§ **Task objective**
Copy, without a single change, each line from the one that holds "无论什么人,看完了这个规定的" to the bottom of the entries below, and drop any pictures.

Extracted data entries

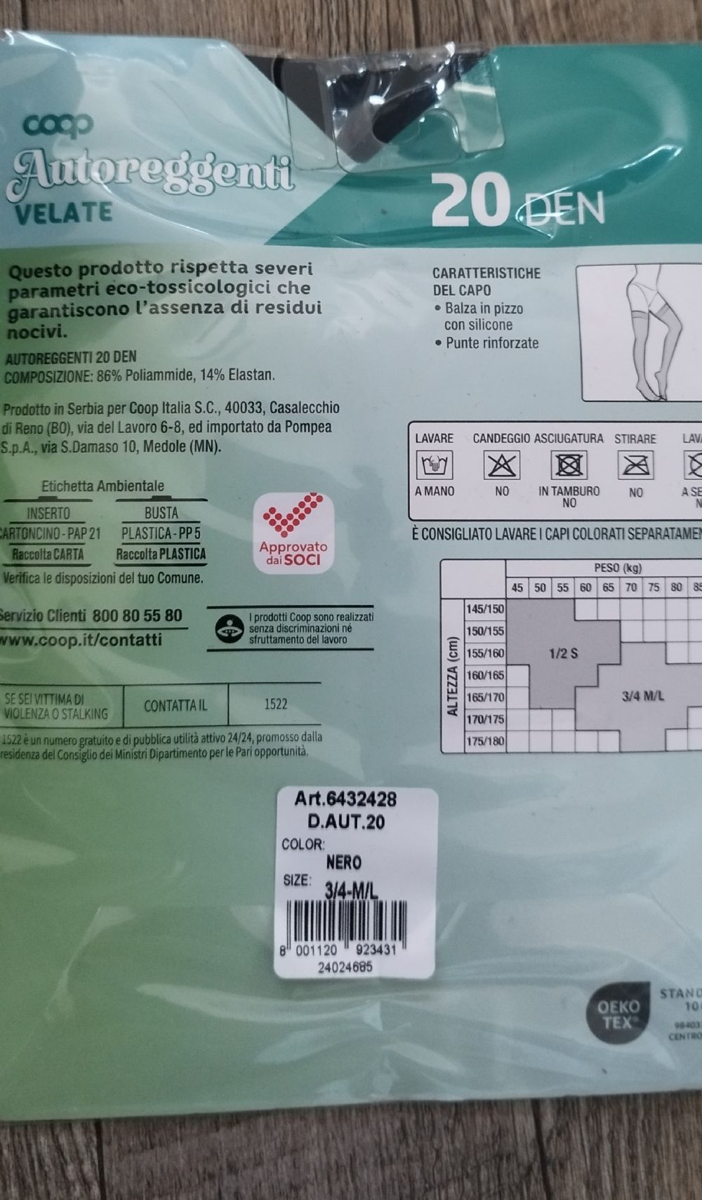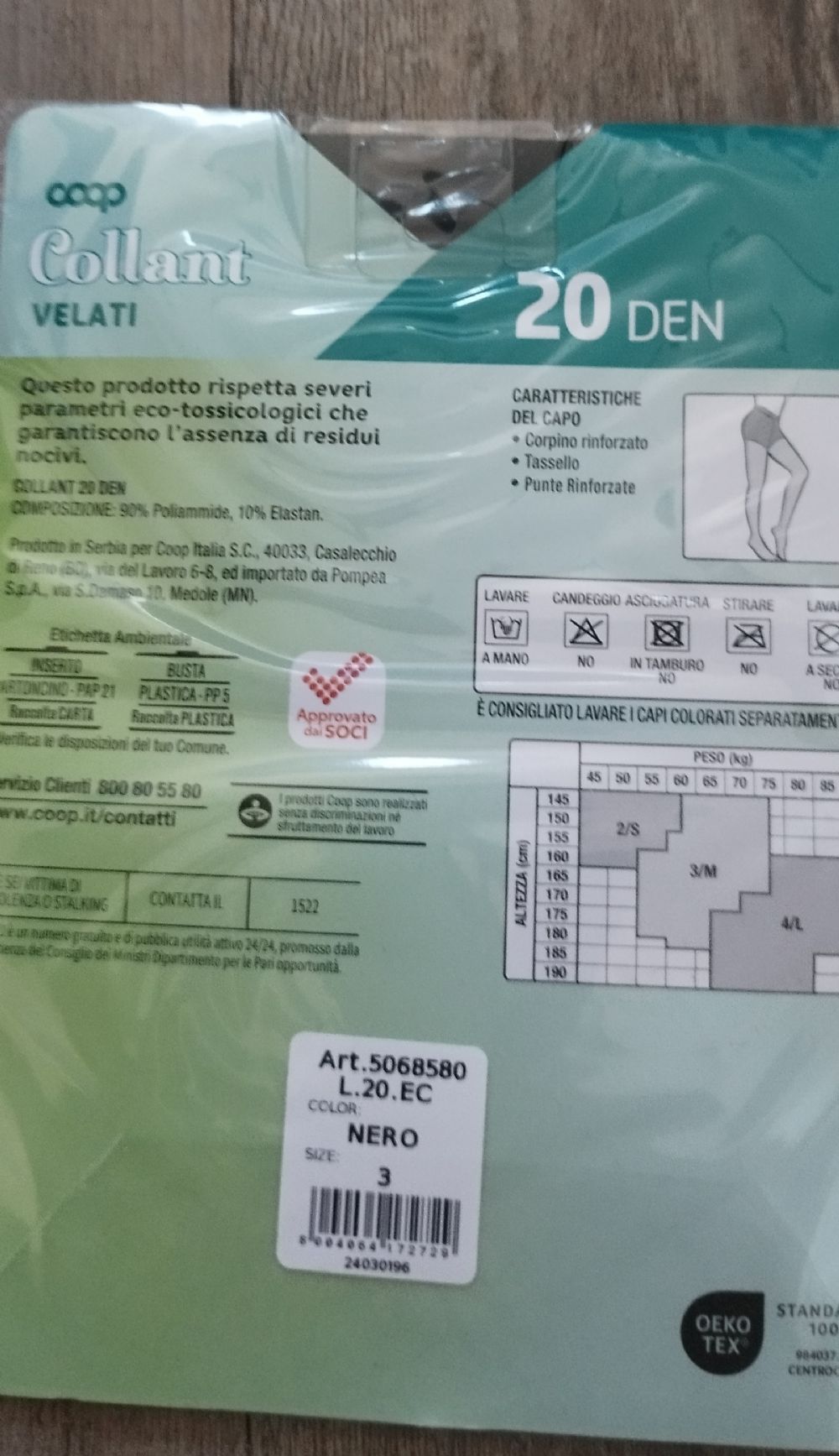 Descrizione:Collant 20 den con corpino e punte rinforzate taglia 3 M
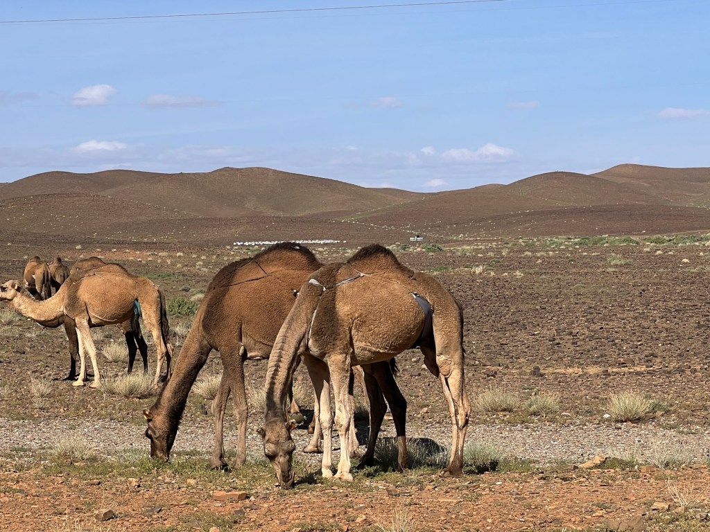 There was an occasional slim river and aquifers which you can spot from the curious mounds created by the access holes people have dug. Every so often we passed stands of date palms, planted in rows. In Taghzoute we saw camels for the first time in Morocco, grazing by the road.
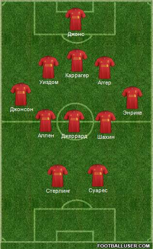 Джонс - Джонсон, Уиздом, Каррагер, Аггер, Энрике - Аллен, Джераррд, Шахин - Стерлинг, Суарес
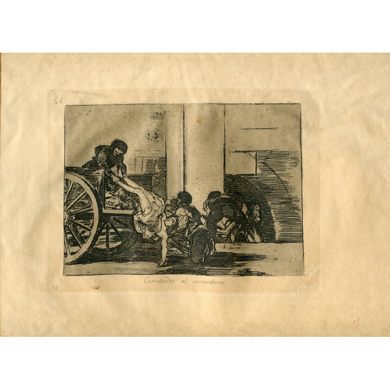 Aguafuerte de Goya. Carretas al cementerio. Lámina 64 de la serie de grabados Disasters of War edición 1937.
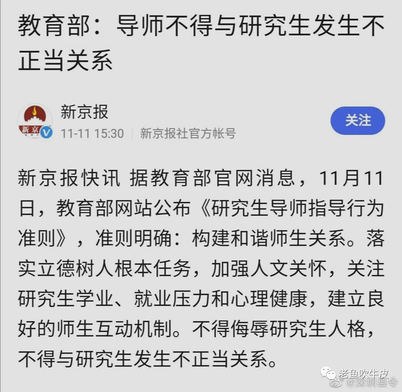 无论什么人,看完了这个规定的内容,是不是就会感觉:这咋说的好像以前是允许导师与学生发生不正当关系似的呢?
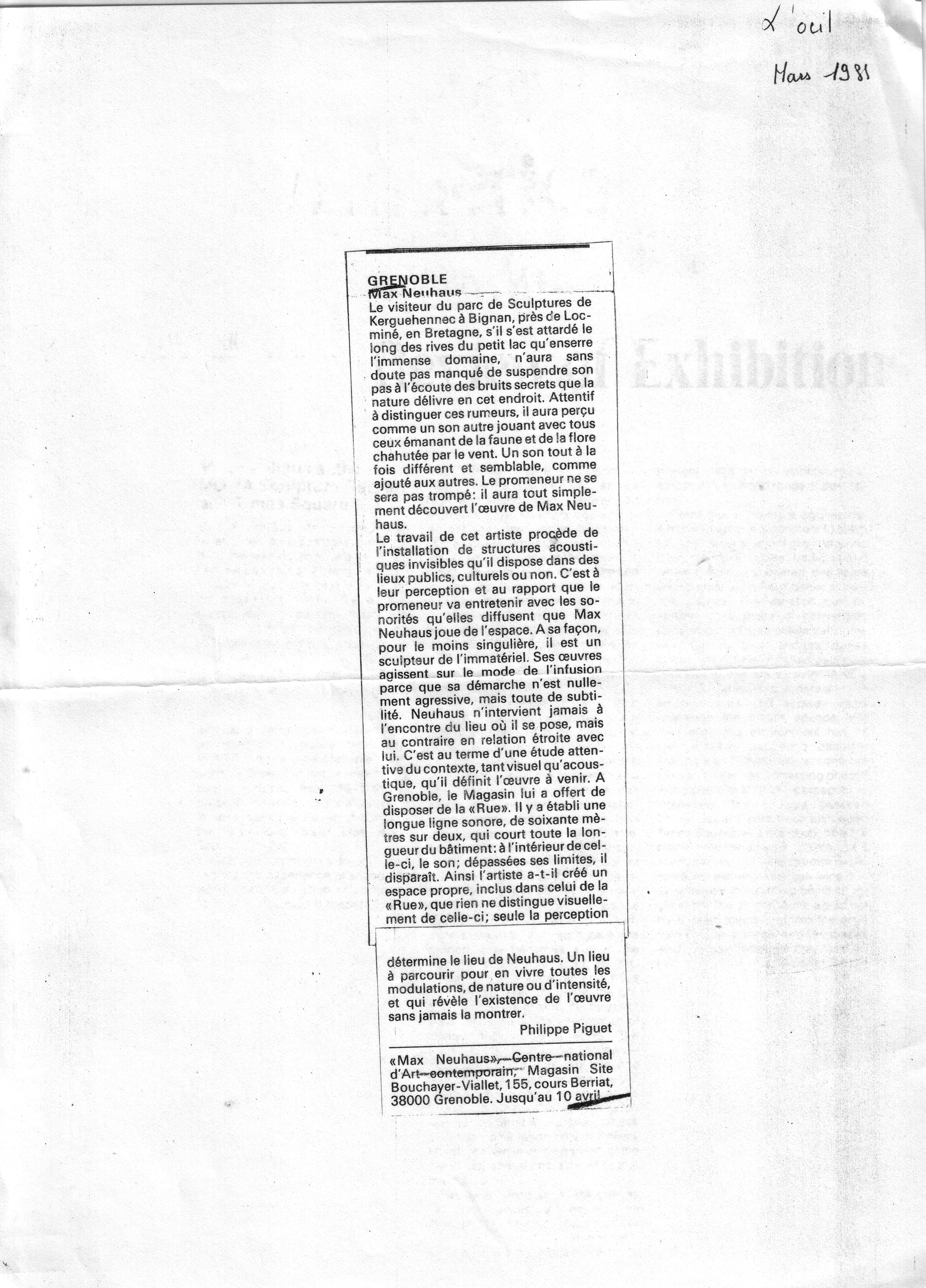 Philippe Piquet, Max Neuhaus Centre-national d'Art contemporain - Magasin Site Bouchayer-Viallet, 155 cours Berriat, Grenoble. Avril 1988
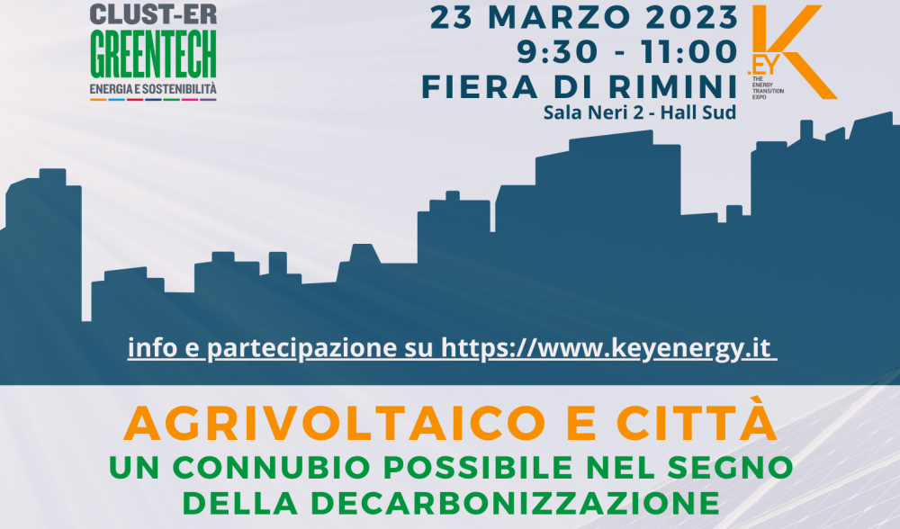 INFO E PARTECIPAZIONE: https://www.keyenergy.it/eventi/k.ey-2023/programma-convegni-2023/e23385391/agrivoltaico-e-citta-un-connubio-possibile-nel-segno-della-decarbonizzazione.html
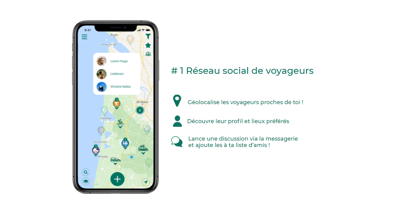 Un réseau social de proximité, tous les lieux essentiels au bon déroulement de tes voyages et de multiples fonctionnalités pour te faire gagner un temps précieux …

§ **Response to the task**
 无论什么人,看完了这个规定的内容,是不是就会感觉:这咋说的好像以前是允许导师与学生发生不正当关系似的呢?
 Philippe Piquet, Max Neuhaus Centre-national d'Art contemporain - Magasin Site Bouchayer-Viallet, 155 cours Berriat, Grenoble. Avril 1988
 INFO E PARTECIPAZIONE: https://www.keyenergy.it/eventi/k.ey-2023/programma-convegni-2023/e23385391/agrivoltaico-e-citta-un-connubio-possibile-nel-segno-della-decarbonizzazione.html
 Un réseau social de proximité, tous les lieux essentiels au bon déroulement de tes voyages et de multiples fonctionnalités pour te faire gagner un temps précieux …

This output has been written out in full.